Even though this is not specifically a weight loss plan, some people lose up to ten pounds during their initial Release week, and even more as they incorporate Release principles into their daily life. My client Reena found that steering clear of sugar for a week helped her break her addiction to sweet chai and introduced her to the cleansing wonders of nettle tea. Just that one change in her diet cut her chances of developing diabetes in half. Studies have shown that drinking large amounts of sugar-sweetened beverages can not only increase the risk of gaining weight but also of developing Type 2 diabetes, heart disease, and gout.
3
Over a couple of months, that one shift helped Reena remove fifteen pounds she’d been dragging around since graduate school six years earlier.

Psychological Antidotes

Rick Hanson, also the founder of the Wellspring Institute for Neuroscience and Contemplative Wisdom, has developed a series of psychological antidotes for psychologists and therapists to teach to patients (and use themselves!) when they are combating negative emotions and habits.

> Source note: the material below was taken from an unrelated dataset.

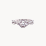 This modern halo style ring features a natural diamond set with a diamond halo and a diamond accented band. Handcrafted in 14K this delicate ring is the perfect choice.
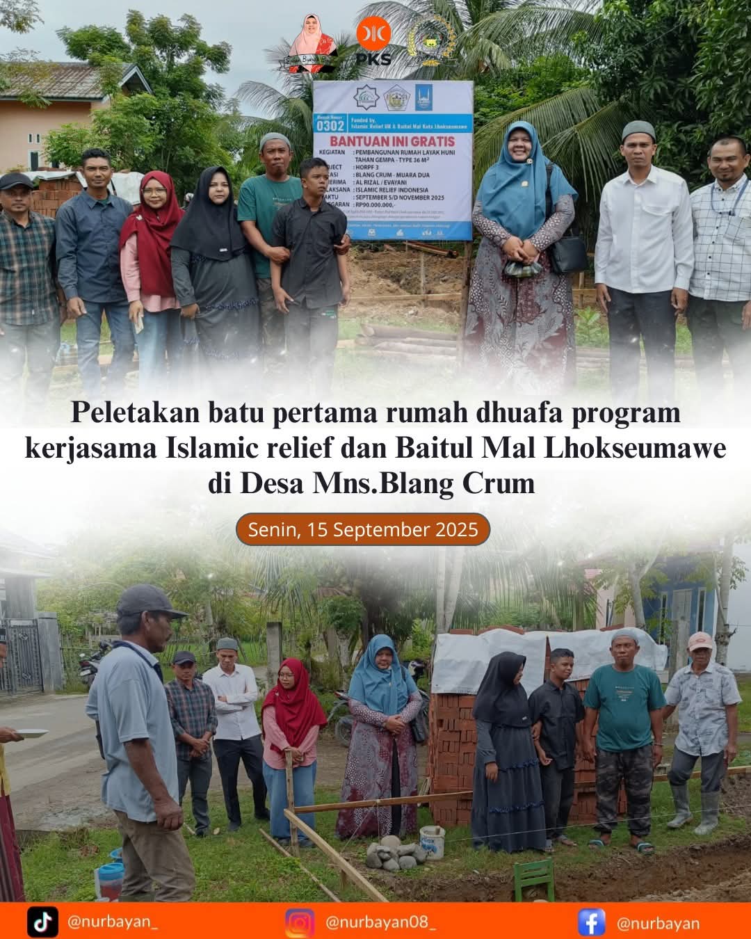 SuaraParlemen.co, Lhokseumawe – Anggota DPRK Lhokseumawe, Nurbayan, S.Sos.I, melaksanakan kegiatan sosial berupa peletakan batu pertama pembangunan rumah dhuafa di Desa Blang Crum, Rabu (17/9/2025). Program ini terlaksana berkat kerja sama dengan Islamic Relief dan Baitul Mal Kota Lhokseumawe.

These antidotes, listed in table 2, are great suggestions for anyone adopting the Positive Feedback program, because they give a focus point for affirmations and meditations.

When we spend too much time being ruled by our amygdala and our sympathetic nervous system, we remain locked in a negative outlook that perpetuates the triggering of stress hormones and clouds our perception of other people’s intentions. Meditation, as noted earlier, offers multiple health benefits. Among those benefits: It has been found to decrease gray matter in the amygdala and increase gray matter in the hippocampus
4
—which is especially helpful in chronically nervous or stressed people, because severe stressful experiences can decrease hippocampal mass by up to 25 percent, depending on the severity of the experience.
5

Table 2.
Psychological Antidotes to Common Emotional States

IF YOU’RE EXPERIENCING . . .

TRY FOCUSING YOUR MEDITATION ON . . .

Weakness, helplessness, pessimism

Strength, efficacy

Alarm, anxiety

Safety, security

Resentment, anger

Compassion for oneself and others

Frustration, disappointment

Satisfaction, fulfillment

Sadness, discontent, “blues”

Gladness, gratitude

Rejection, feeling unseen or left out

Attunement, inclusion

Inadequacy, shame

Recognition, acknowledgment

Abandonment, feeling unloved or unlovable

Friendship, love

Adapted from Rick Hanson, “Mindfulness in Clinical Practice,” paper delivered at the Northern California Psychiatric Society’s Integrative Psychiatry Conference, Berkeley, CA, Sept. 10, 2011.

Are you concerned that a more controlled approach to food and cooking might leave you feeling miserable? Researchers at the University of Chicago suggest just the opposite. They found that the psychic effects of taking this kind of control can actually make you happier.
6
The fact that you no longer have to struggle with yourself about what you
should
do—now that you’re automatically making the right choices—simplifies your life and makes you feel proud. We could call this the framework effect: Having an explicit program to hang on to and return to can quiet down the anxiety that extra choices provoke. I’ll provide plenty of tips and suggestions in chapter 5 to help make the transition to anti-inflammatory foods satisfying and simple, and I’ll offer meal plans and recipes in part 3.